Stored data:
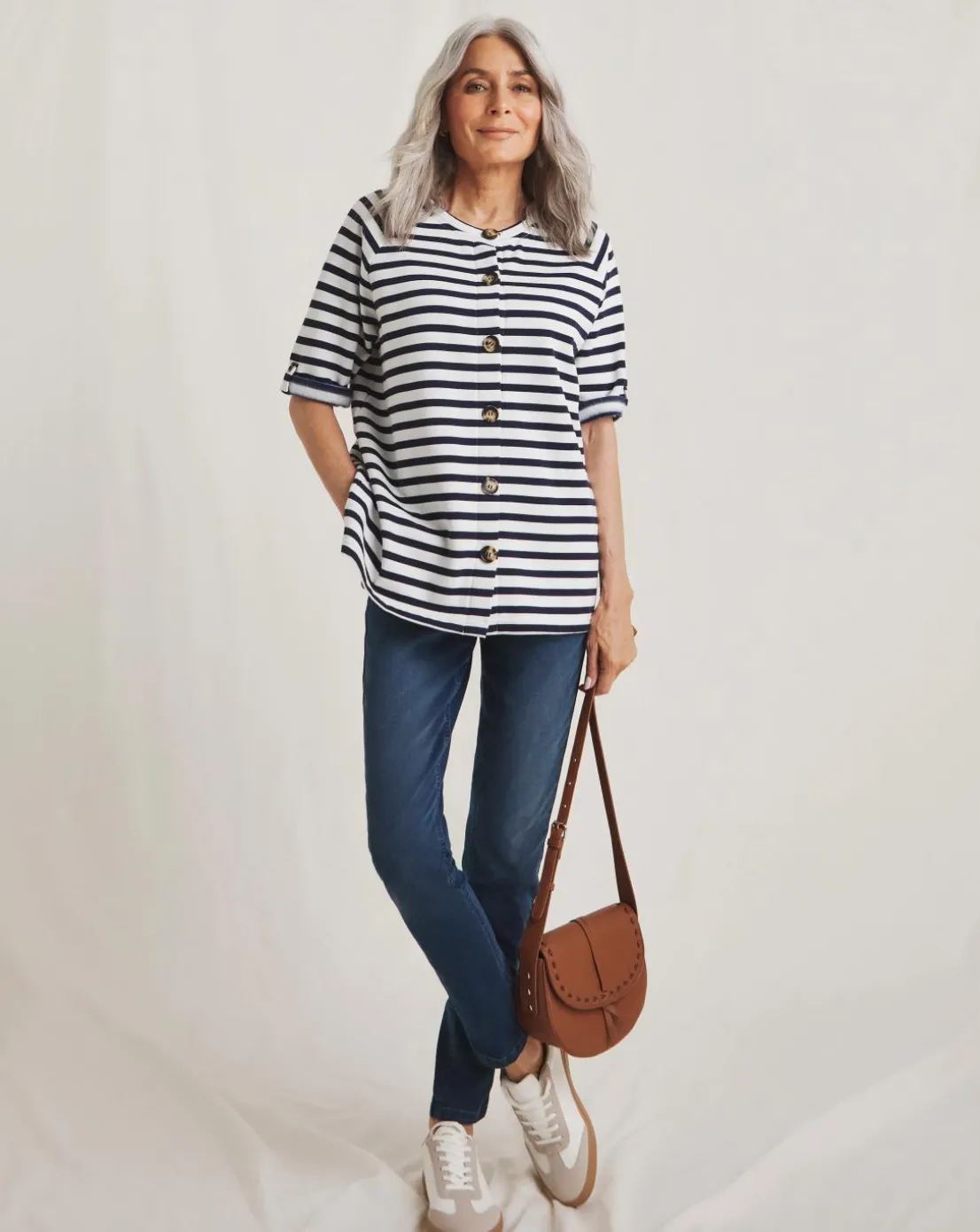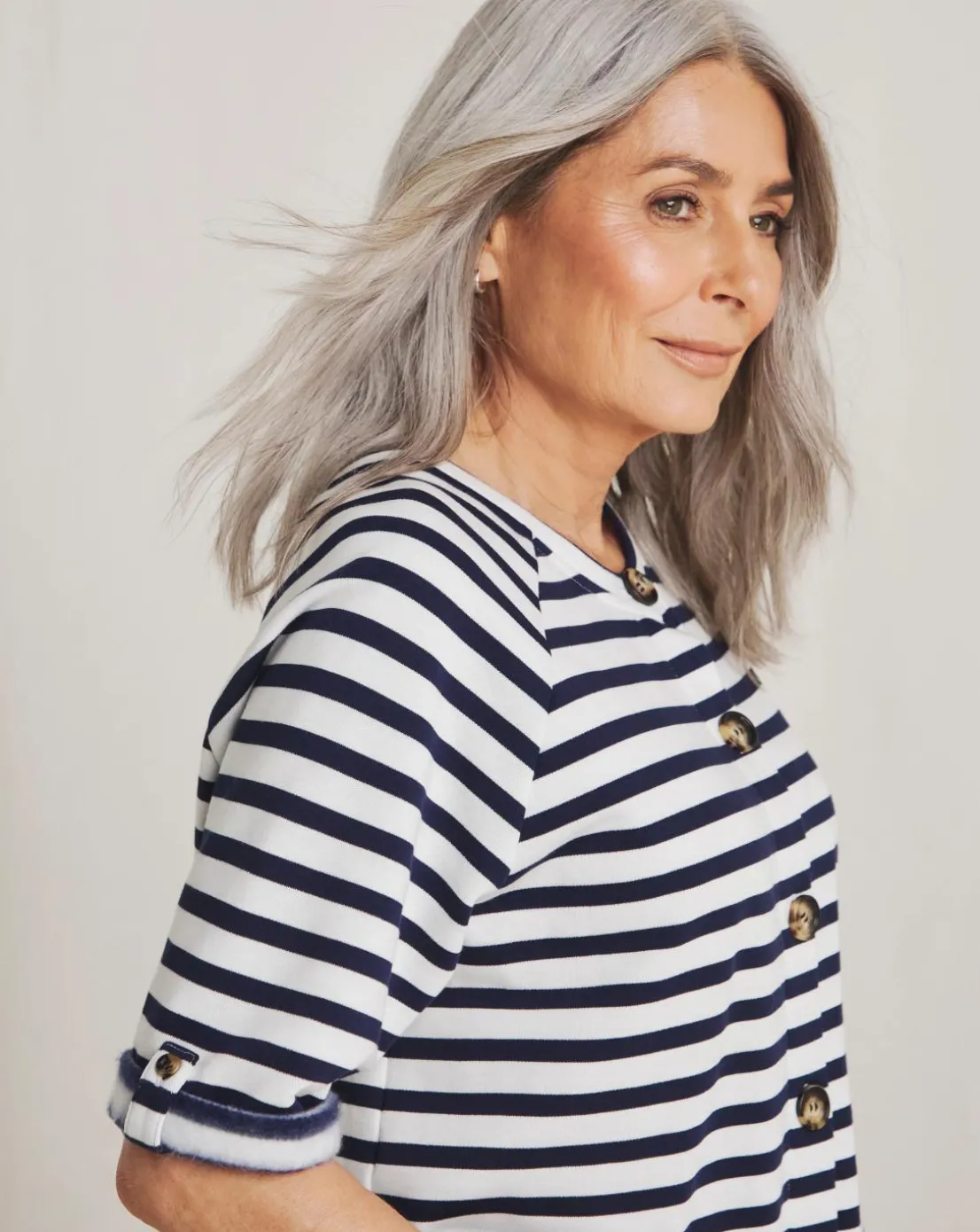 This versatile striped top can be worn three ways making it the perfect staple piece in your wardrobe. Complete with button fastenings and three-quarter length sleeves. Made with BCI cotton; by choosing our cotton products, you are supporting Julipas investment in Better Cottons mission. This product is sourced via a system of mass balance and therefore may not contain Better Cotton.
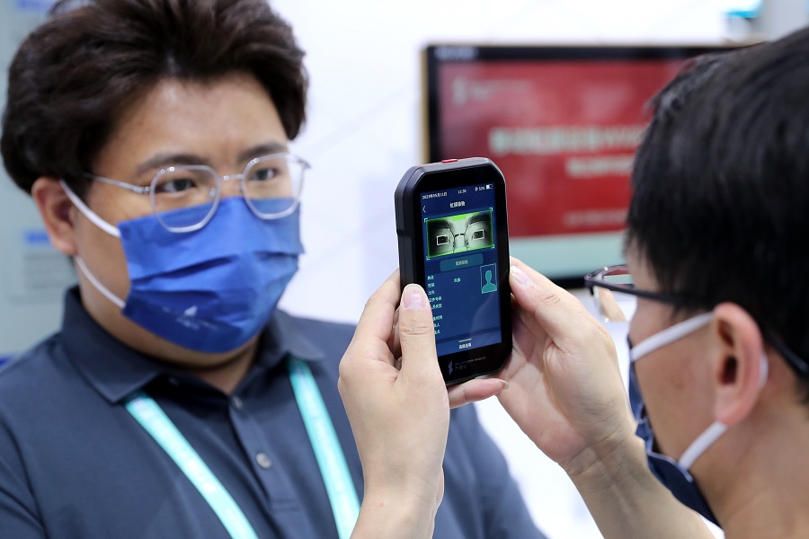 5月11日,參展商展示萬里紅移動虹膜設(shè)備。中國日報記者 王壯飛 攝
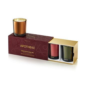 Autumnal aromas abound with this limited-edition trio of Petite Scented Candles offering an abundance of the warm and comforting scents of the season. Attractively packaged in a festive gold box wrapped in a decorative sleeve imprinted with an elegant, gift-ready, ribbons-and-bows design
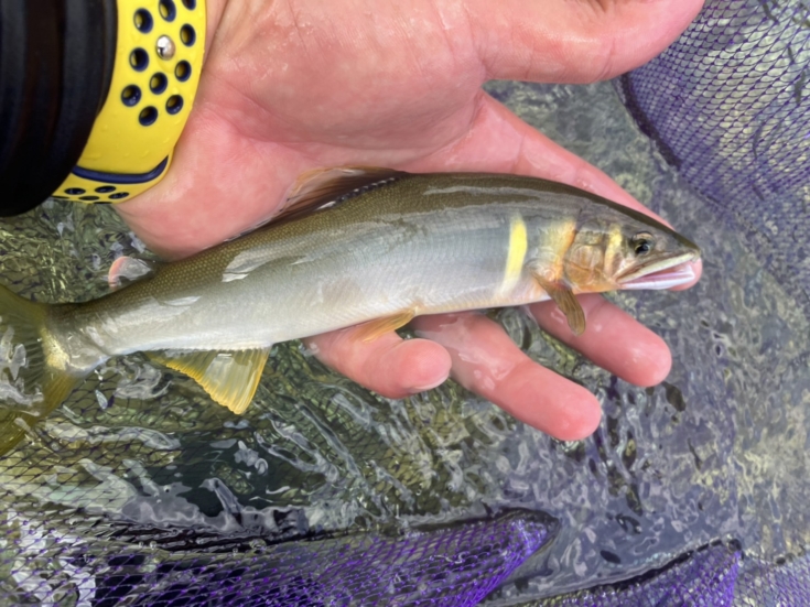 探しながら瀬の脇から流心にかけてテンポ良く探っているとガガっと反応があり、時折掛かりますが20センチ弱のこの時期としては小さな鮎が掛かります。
* * *
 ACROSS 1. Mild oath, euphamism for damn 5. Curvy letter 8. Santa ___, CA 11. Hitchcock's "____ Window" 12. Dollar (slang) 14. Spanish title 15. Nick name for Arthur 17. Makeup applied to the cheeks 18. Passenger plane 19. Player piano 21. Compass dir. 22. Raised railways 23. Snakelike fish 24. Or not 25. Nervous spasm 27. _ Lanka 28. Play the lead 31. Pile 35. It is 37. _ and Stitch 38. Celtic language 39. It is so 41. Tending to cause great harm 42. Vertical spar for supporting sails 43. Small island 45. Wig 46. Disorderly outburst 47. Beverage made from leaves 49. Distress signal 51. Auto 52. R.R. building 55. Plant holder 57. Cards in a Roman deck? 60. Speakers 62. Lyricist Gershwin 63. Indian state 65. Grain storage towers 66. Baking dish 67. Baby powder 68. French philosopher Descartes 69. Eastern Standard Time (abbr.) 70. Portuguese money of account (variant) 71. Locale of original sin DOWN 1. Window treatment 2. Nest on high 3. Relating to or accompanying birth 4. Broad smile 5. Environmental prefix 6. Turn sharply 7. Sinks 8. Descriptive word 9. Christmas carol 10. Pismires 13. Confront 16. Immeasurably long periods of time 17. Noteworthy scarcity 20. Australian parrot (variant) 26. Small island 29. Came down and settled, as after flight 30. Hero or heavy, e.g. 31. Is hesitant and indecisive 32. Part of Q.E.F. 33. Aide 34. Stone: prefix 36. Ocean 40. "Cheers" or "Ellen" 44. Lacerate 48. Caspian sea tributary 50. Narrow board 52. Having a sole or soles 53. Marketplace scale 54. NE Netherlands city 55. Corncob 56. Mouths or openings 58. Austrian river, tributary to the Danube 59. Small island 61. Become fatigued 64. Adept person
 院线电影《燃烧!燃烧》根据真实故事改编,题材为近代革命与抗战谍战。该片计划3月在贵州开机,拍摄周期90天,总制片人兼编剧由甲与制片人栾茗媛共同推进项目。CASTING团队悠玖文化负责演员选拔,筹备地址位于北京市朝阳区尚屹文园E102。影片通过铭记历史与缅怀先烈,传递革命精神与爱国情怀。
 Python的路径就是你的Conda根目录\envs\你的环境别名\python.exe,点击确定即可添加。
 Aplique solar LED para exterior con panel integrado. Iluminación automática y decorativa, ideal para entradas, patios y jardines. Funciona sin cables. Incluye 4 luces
---
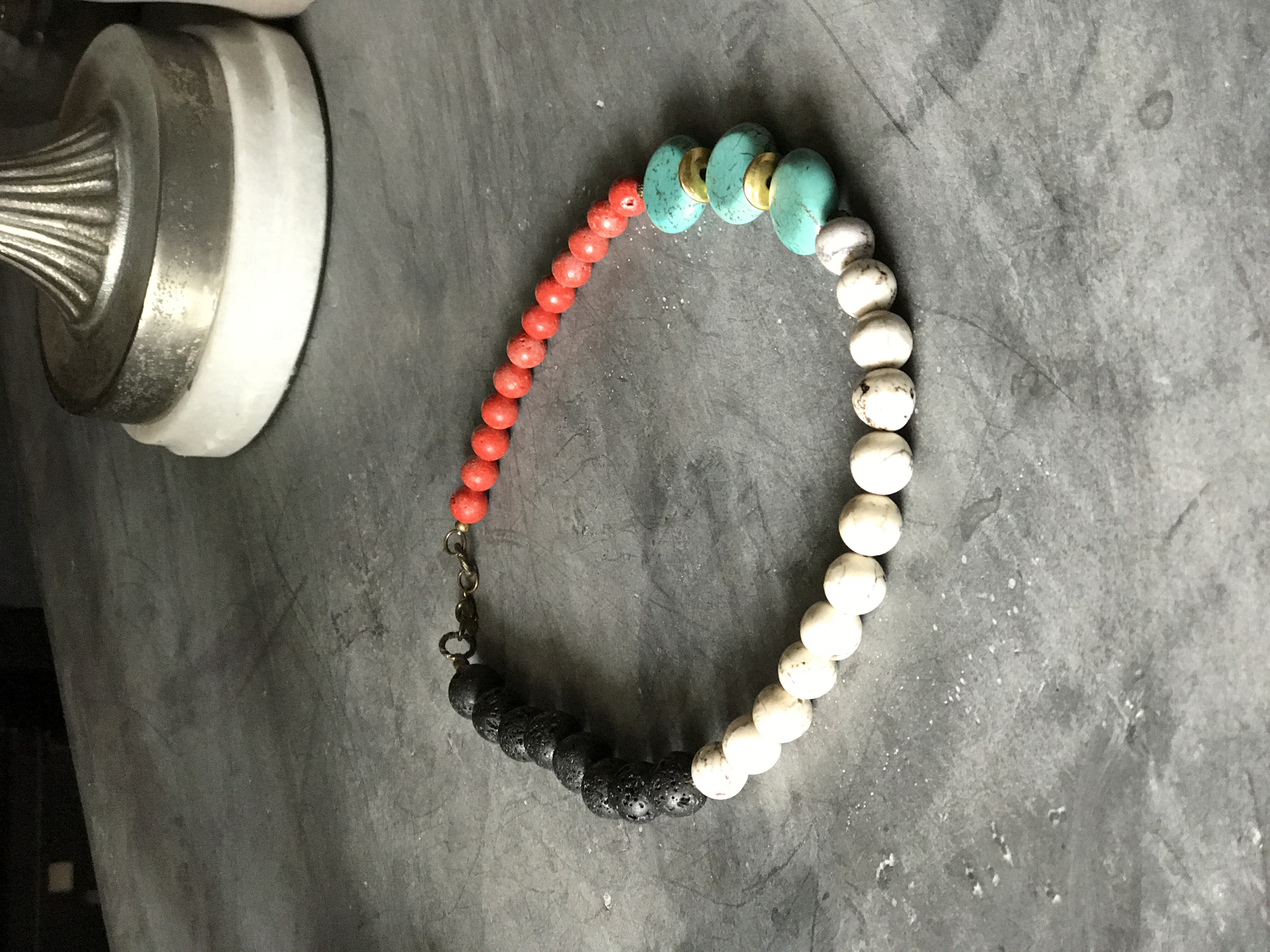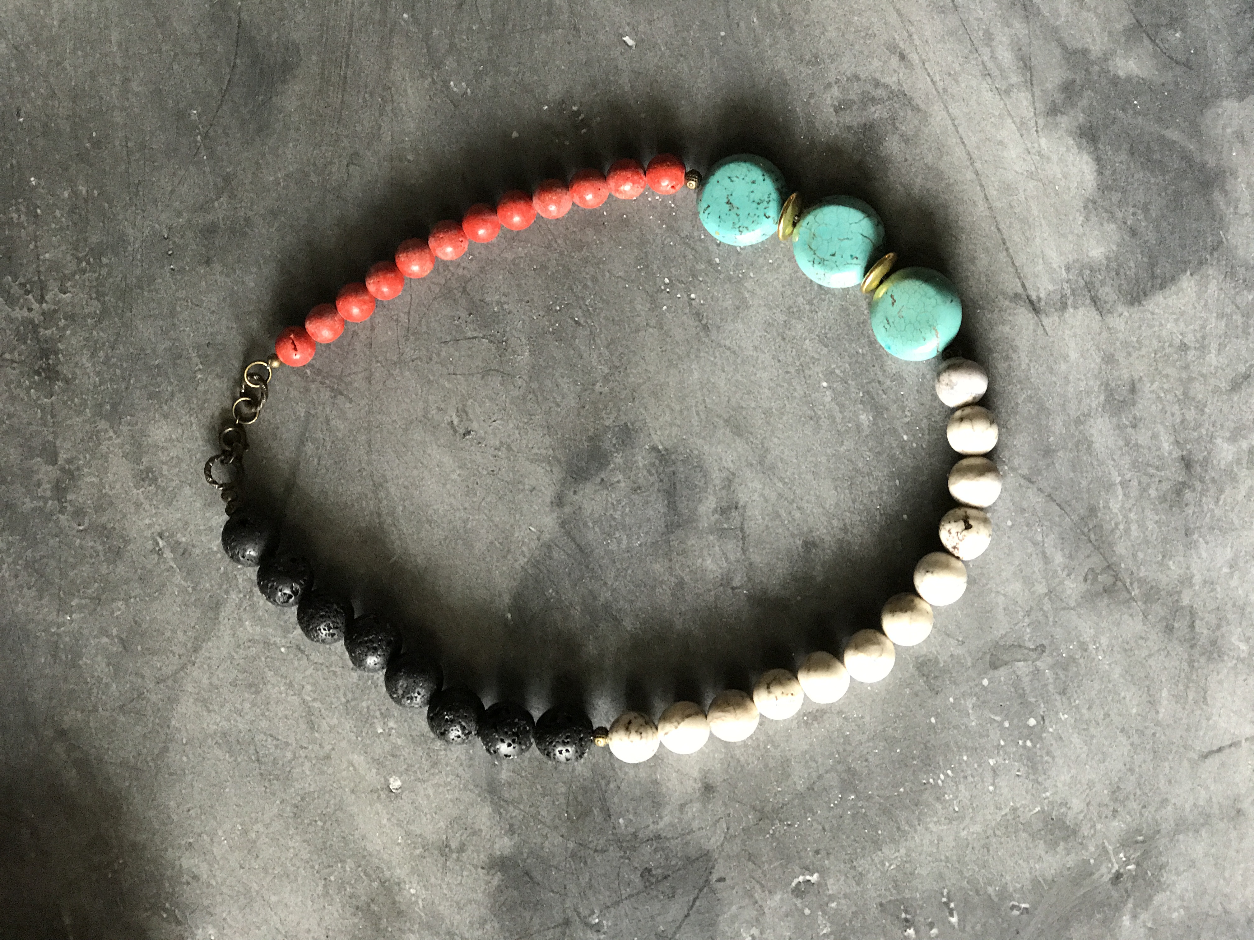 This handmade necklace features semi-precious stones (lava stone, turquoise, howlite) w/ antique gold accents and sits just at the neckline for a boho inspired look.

What needs to be done:
The lines above from the line with "This versatile striped" through the line with "探しながら瀬の脇から流心にか" are to be given again word for word, with no pictures among them.

Answer area:
 This versatile striped top can be worn three ways making it the perfect staple piece in your wardrobe. Complete with button fastenings and three-quarter length sleeves. Made with BCI cotton; by choosing our cotton products, you are supporting Julipas investment in Better Cottons mission. This product is sourced via a system of mass balance and therefore may not contain Better Cotton.
 5月11日,參展商展示萬里紅移動虹膜設(shè)備。中國日報記者 王壯飛 攝
 Autumnal aromas abound with this limited-edition trio of Petite Scented Candles offering an abundance of the warm and comforting scents of the season. Attractively packaged in a festive gold box wrapped in a decorative sleeve imprinted with an elegant, gift-ready, ribbons-and-bows design
 探しながら瀬の脇から流心にかけてテンポ良く探っているとガガっと反応があり、時折掛かりますが20センチ弱のこの時期としては小さな鮎が掛かります。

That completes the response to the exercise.